Your task - Please return the data that follows precisely as written, but without the images.

Data extract -

════

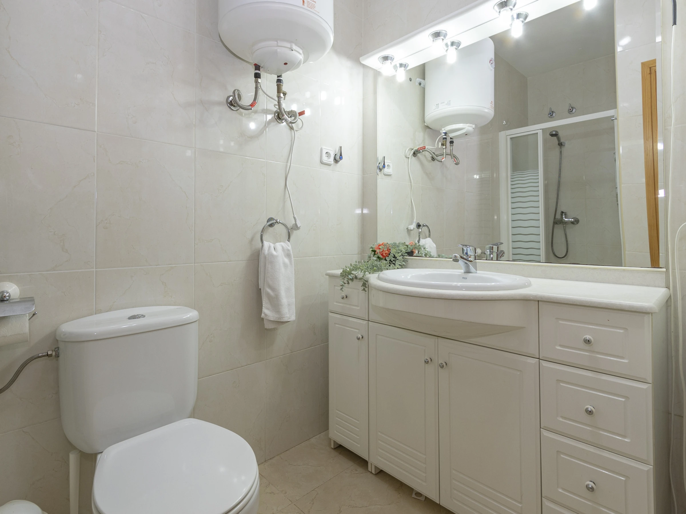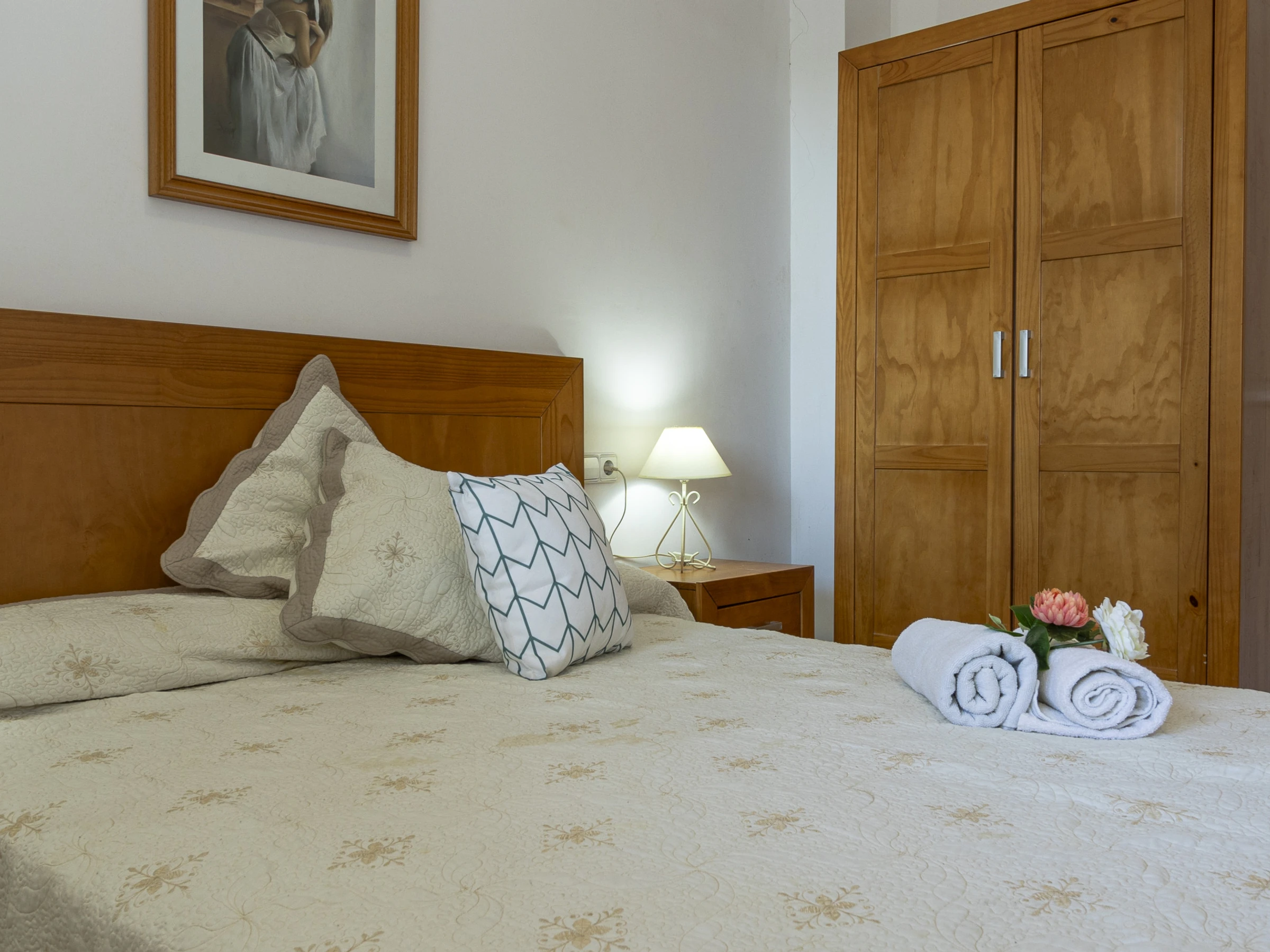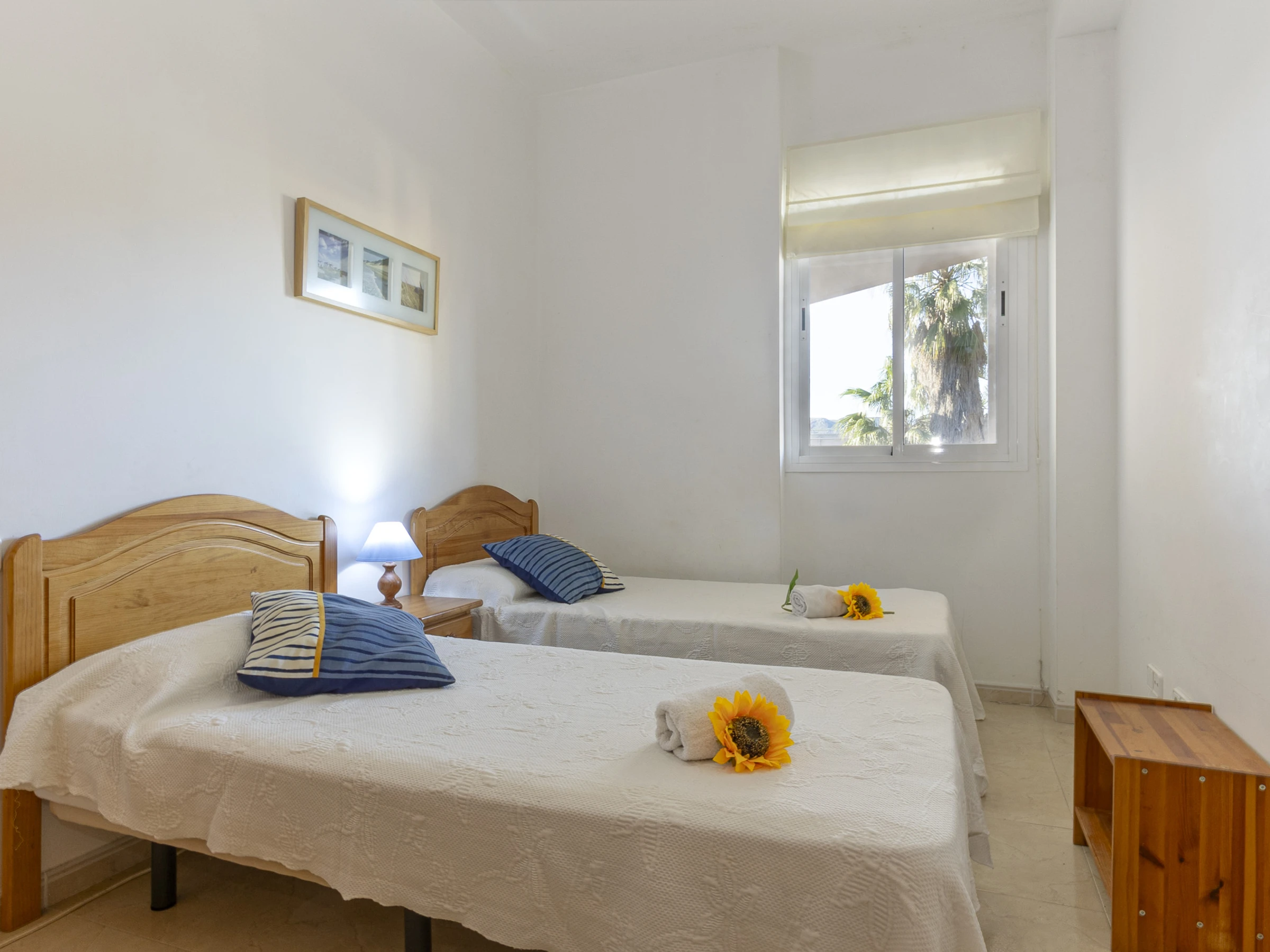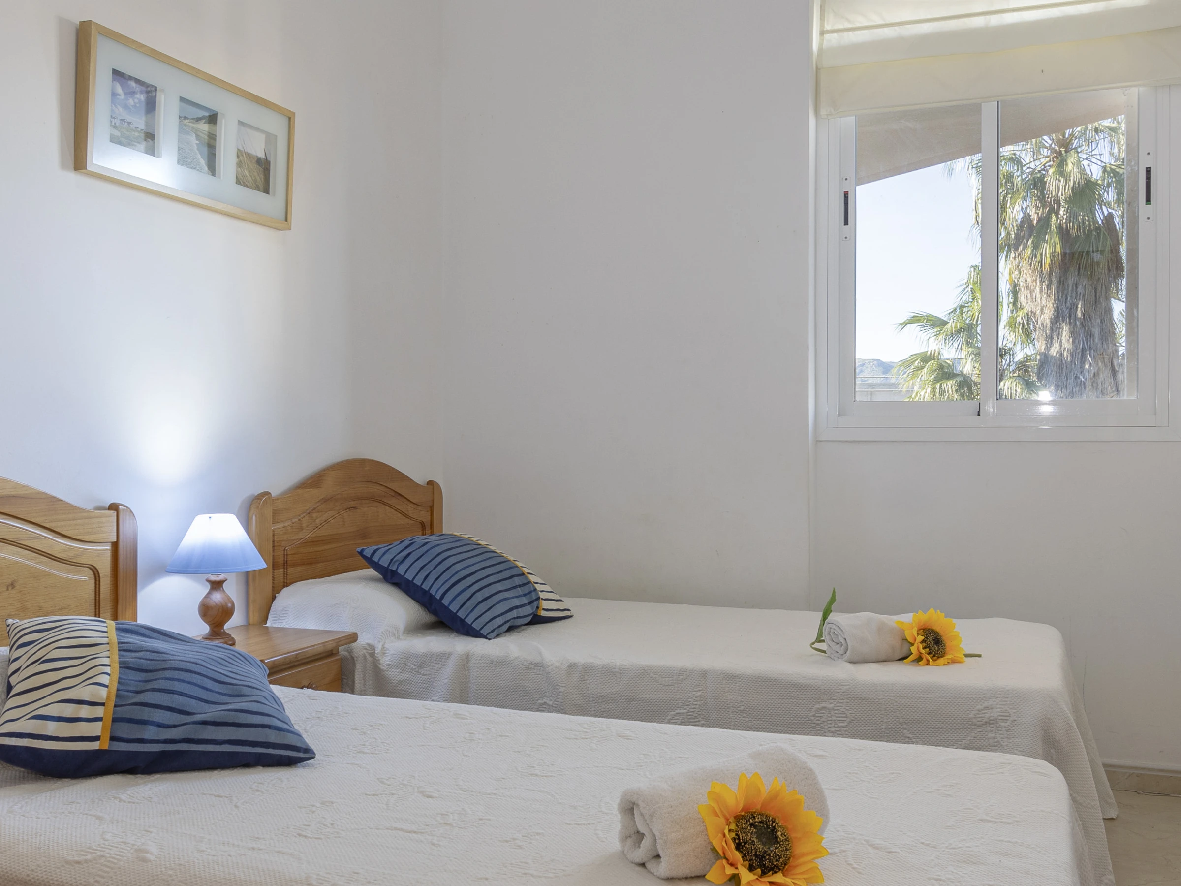 El dormitorio principal, con cama de matrimonio, dispone de aire acondicionado. El segundo dormitorio cuenta con dos camas individuales de 90 cm. Ambos comparten un cuarto de baño.
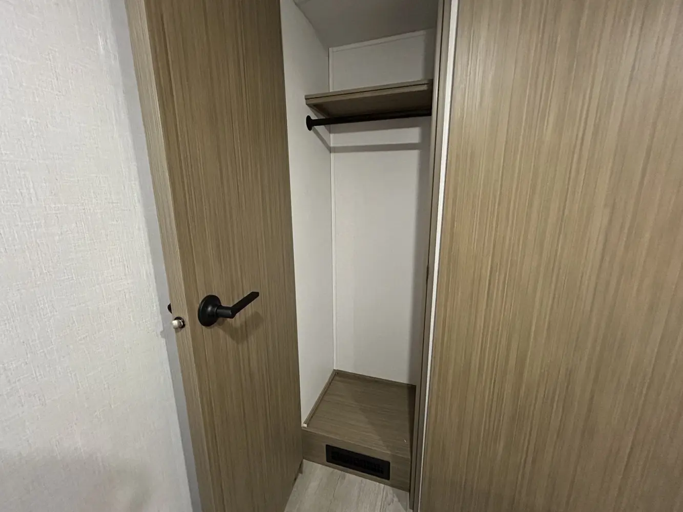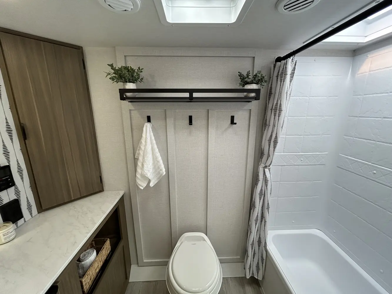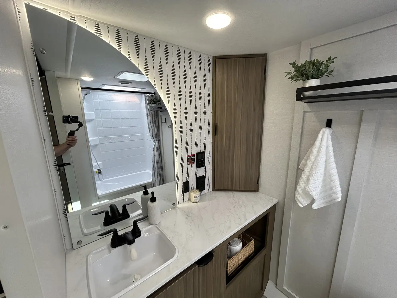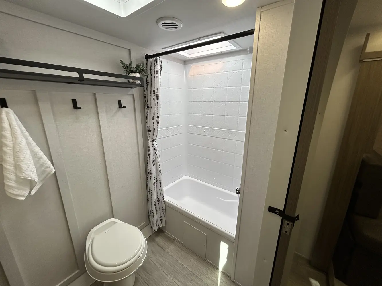 The X-Lite 25ICE floorplan has one entry and one slide out. Exterior features include: metal exterior and 16' awning. Interiors features include: front bedroom and rear bathroom.
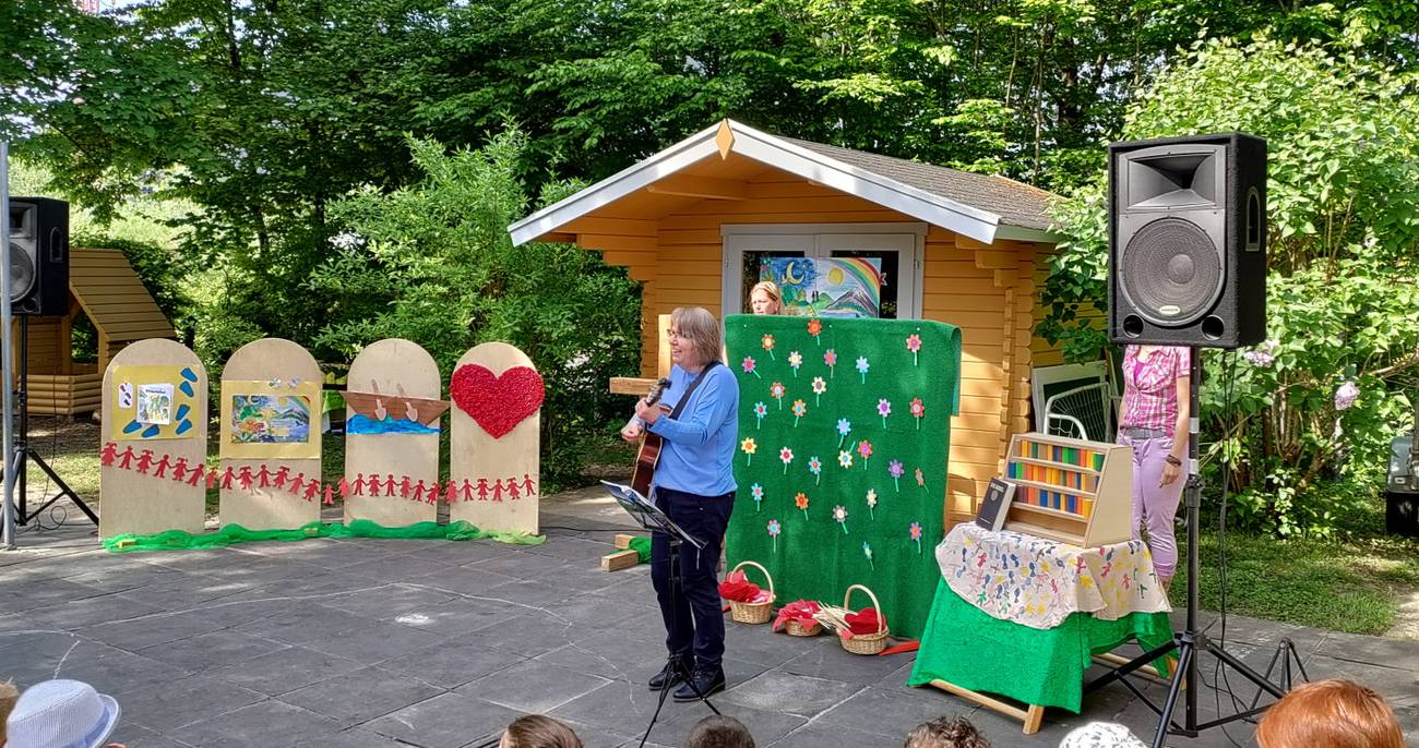 Familiengottesdienst am 8. Mai 2022 im Kindergarten Einen bunten Familiengottesdienst konnten wir am vergangenen Sonntag mit dem Bücherwurm Friedolin und Maren Wejwer von der Landeskirche feiern. Im schattigen Außengelände des Kindergartens Wilferdinger Straße saßen Kinder, Eltern, Grußeltern und Gemeindeglieder um fröhlich zu singen und den Geschichten des Bücherwurms zu lauschen. Der Gottesdienst bildete den Abschluss der Kinderbibelwoche im Kindergarten. Direkt im Anschluss startete das Sommerfest des Kindergartens mit Spielstationen für Große und Kleine. Der Elternbeirat sorgte dafür, dass keiner verhungern musste. Ein herzliches Dankeschön an alle, die dieses Fest ermöglicht haben.
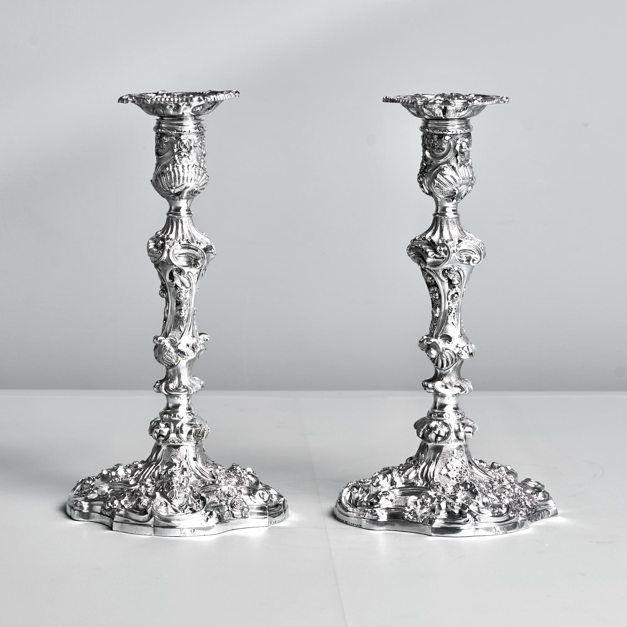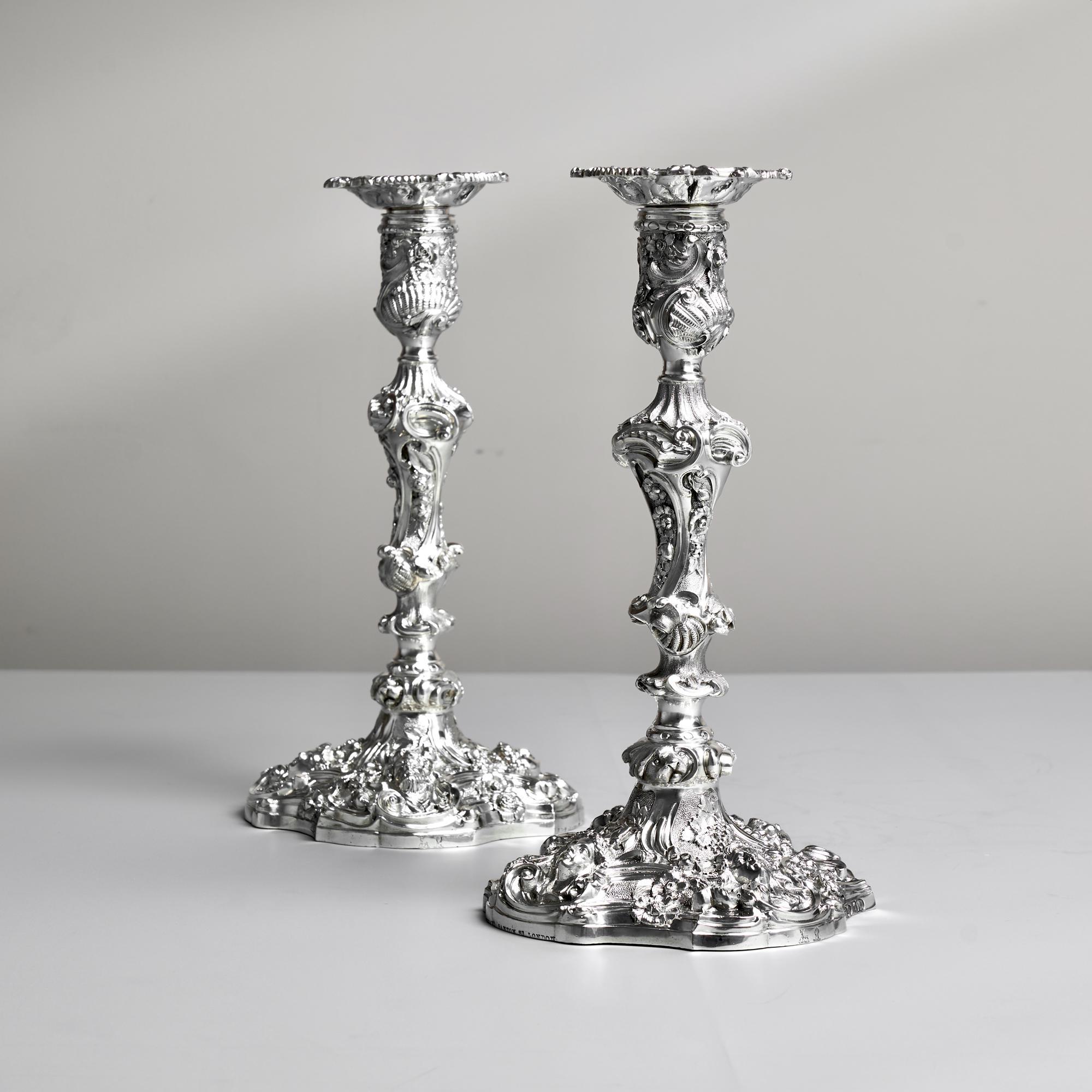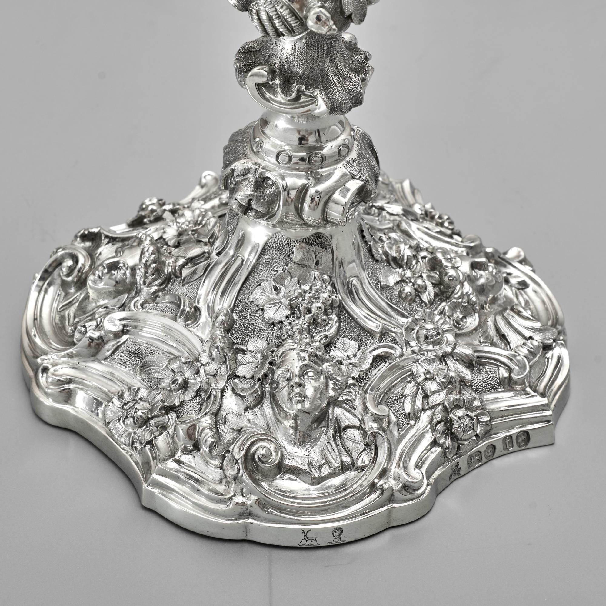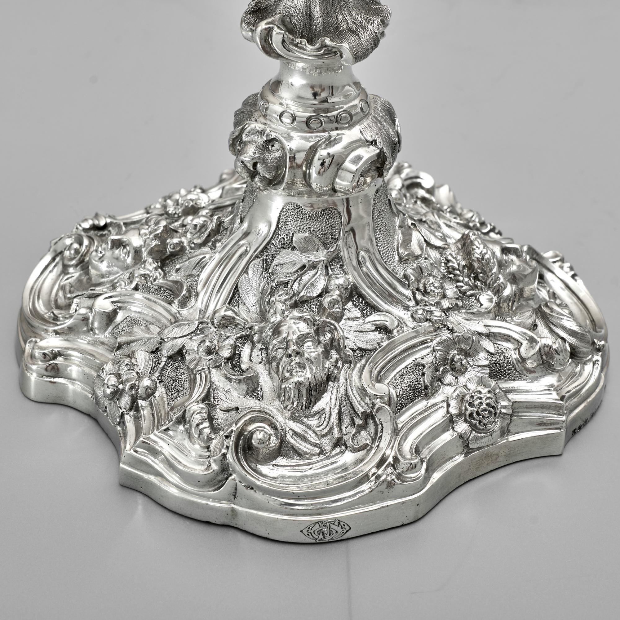 Magnificent pair of cast and hand chased silver candlesticks of superior quality.  Made by royal silversmith to Queen Victoria, Robert Garrard II of London, one of the leading silversmiths of the era, the rococo design incorporates finely detailed masks in high relief, representing the four seasons, as well as featuring scrollwork, fruit, berries, grapes, foliage and flowers - all set against a mottled background.

════

Expected answer -
 El dormitorio principal, con cama de matrimonio, dispone de aire acondicionado. El segundo dormitorio cuenta con dos camas individuales de 90 cm. Ambos comparten un cuarto de baño.
 The X-Lite 25ICE floorplan has one entry and one slide out. Exterior features include: metal exterior and 16' awning. Interiors features include: front bedroom and rear bathroom.
 Familiengottesdienst am 8. Mai 2022 im Kindergarten Einen bunten Familiengottesdienst konnten wir am vergangenen Sonntag mit dem Bücherwurm Friedolin und Maren Wejwer von der Landeskirche feiern. Im schattigen Außengelände des Kindergartens Wilferdinger Straße saßen Kinder, Eltern, Grußeltern und Gemeindeglieder um fröhlich zu singen und den Geschichten des Bücherwurms zu lauschen. Der Gottesdienst bildete den Abschluss der Kinderbibelwoche im Kindergarten. Direkt im Anschluss startete das Sommerfest des Kindergartens mit Spielstationen für Große und Kleine. Der Elternbeirat sorgte dafür, dass keiner verhungern musste. Ein herzliches Dankeschön an alle, die dieses Fest ermöglicht haben.
 Magnificent pair of cast and hand chased silver candlesticks of superior quality.  Made by royal silversmith to Queen Victoria, Robert Garrard II of London, one of the leading silversmiths of the era, the rococo design incorporates finely detailed masks in high relief, representing the four seasons, as well as featuring scrollwork, fruit, berries, grapes, foliage and flowers - all set against a mottled background.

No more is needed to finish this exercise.